Arrive Jean-François Clervoy (Billy Bob, comme
l’appellent ses collègues américains, qui trouvent son
prénom d’une prononciation trop difficile, paraît-il).
Rituel des badges et des portillons. Ascenseur (neutre,
peut-être un miroir, je ne sais plus), bref couloir, bureau.

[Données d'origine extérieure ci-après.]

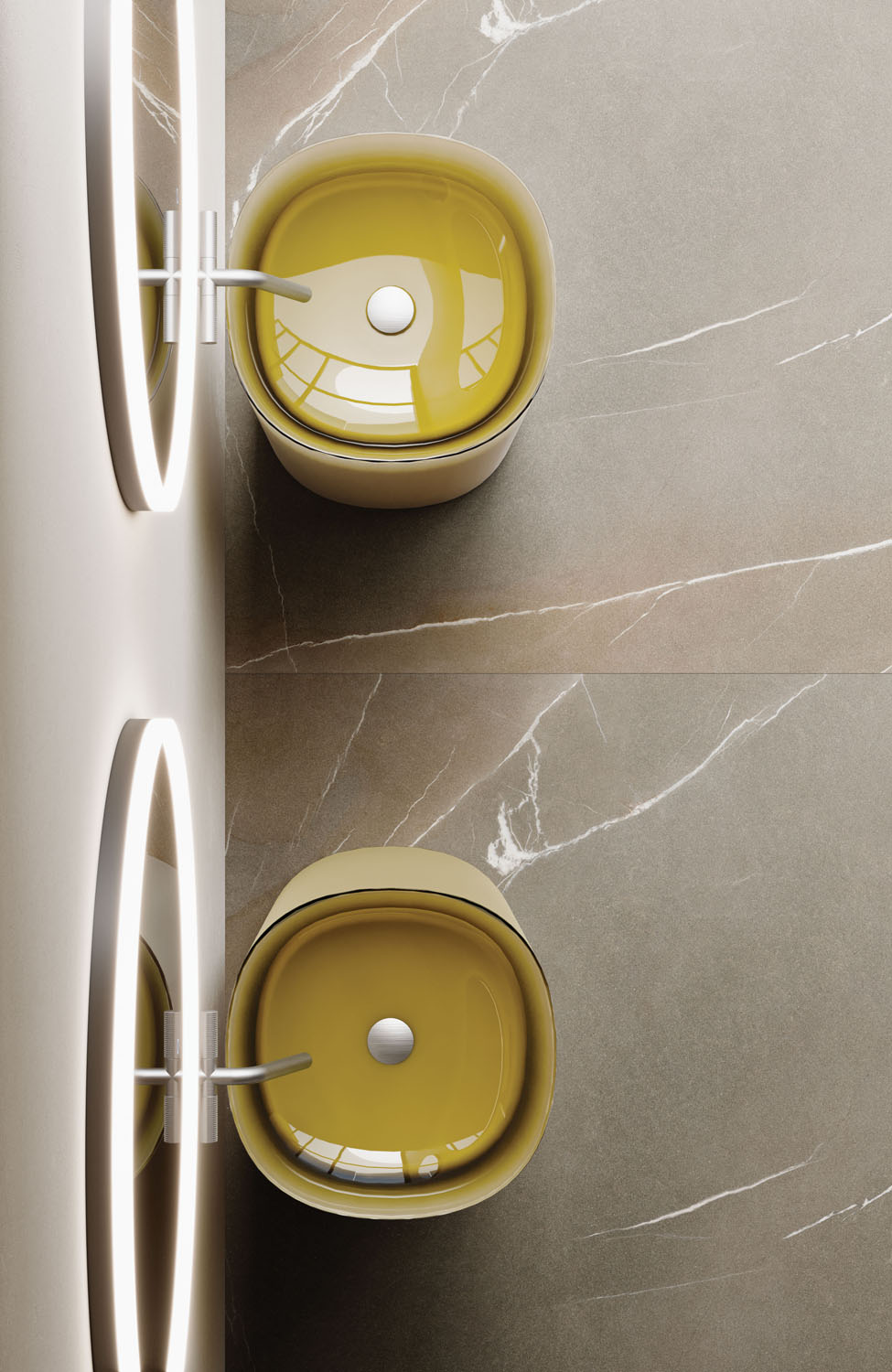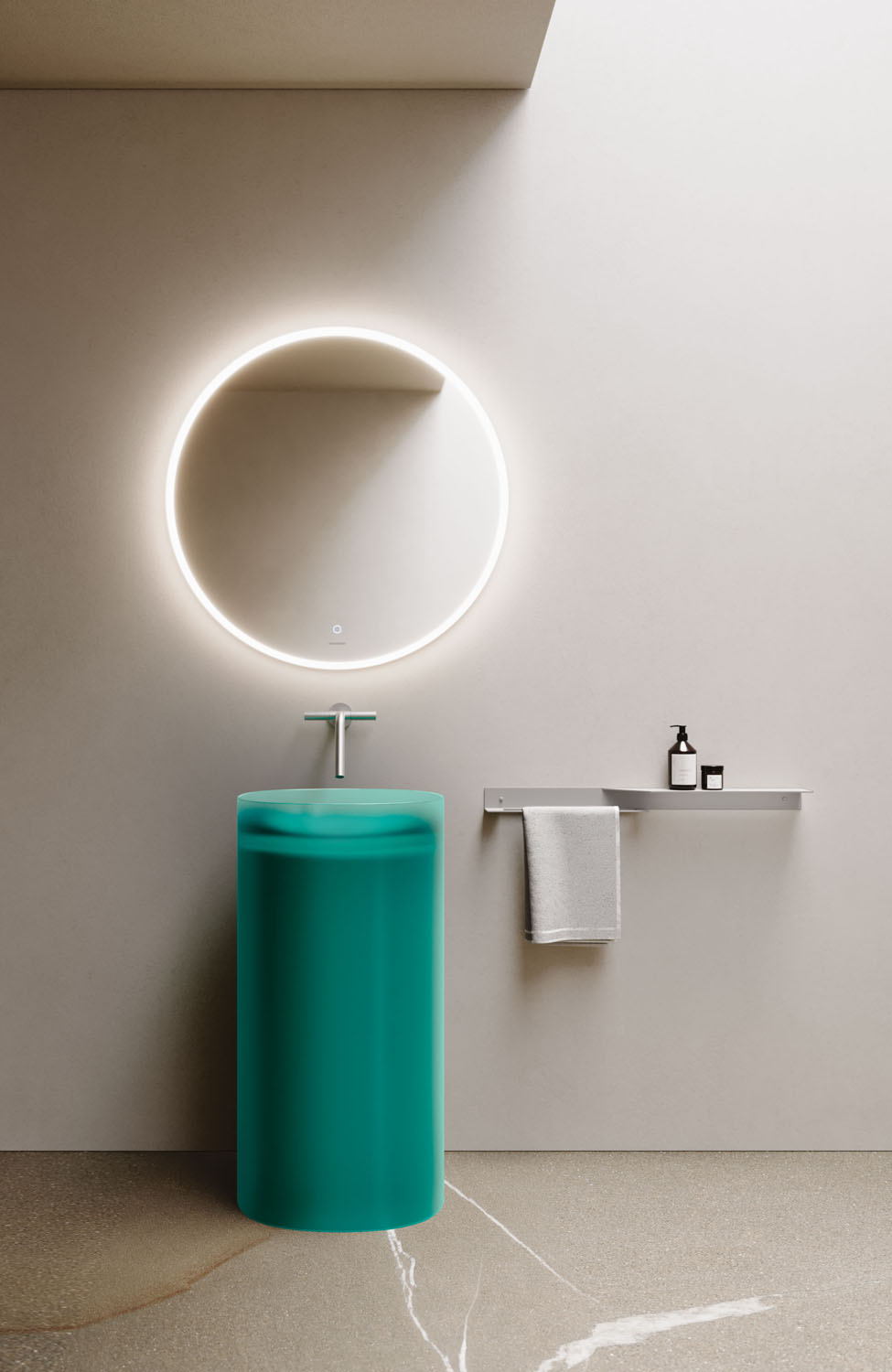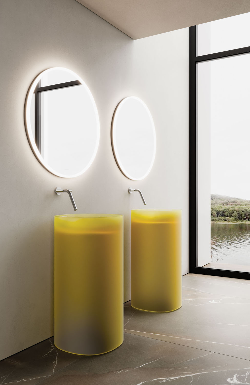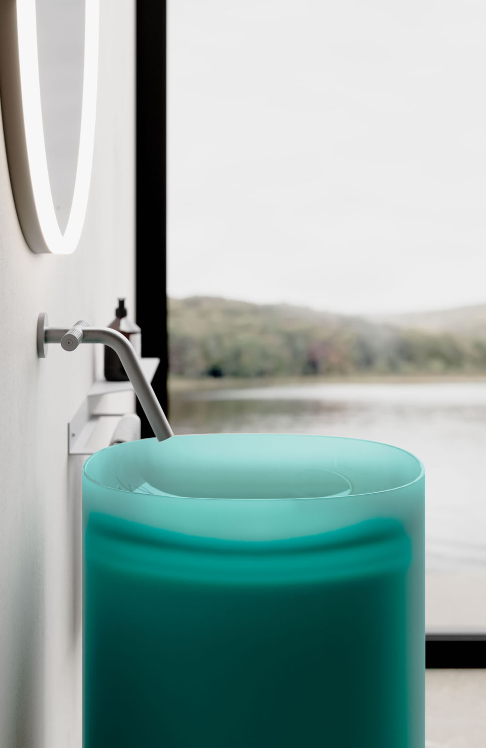 Lavabo freestanding Habe in Khromalite, in finitura esterno ed interno lucida o solo esternamente satinata, disponibile in 5 cromie; senza troppopieno.

Je m’installe à la petite table de réunion, sur laquelle je
pose toujours ce même carnet entoilé marron qui me
sert aux rencontres avec les astronautes. Sur le bureau,
en bonne place, la maquette de l’Airbus A-300 Zéro-G,
dans lequel ont lieu les vols paraboliques.
Jean-François Clervoy tantôt reste debout, tantôt
s’assied sur un coin de son bureau, tantôt se penche sur
son ordinateur pour vérifier une information.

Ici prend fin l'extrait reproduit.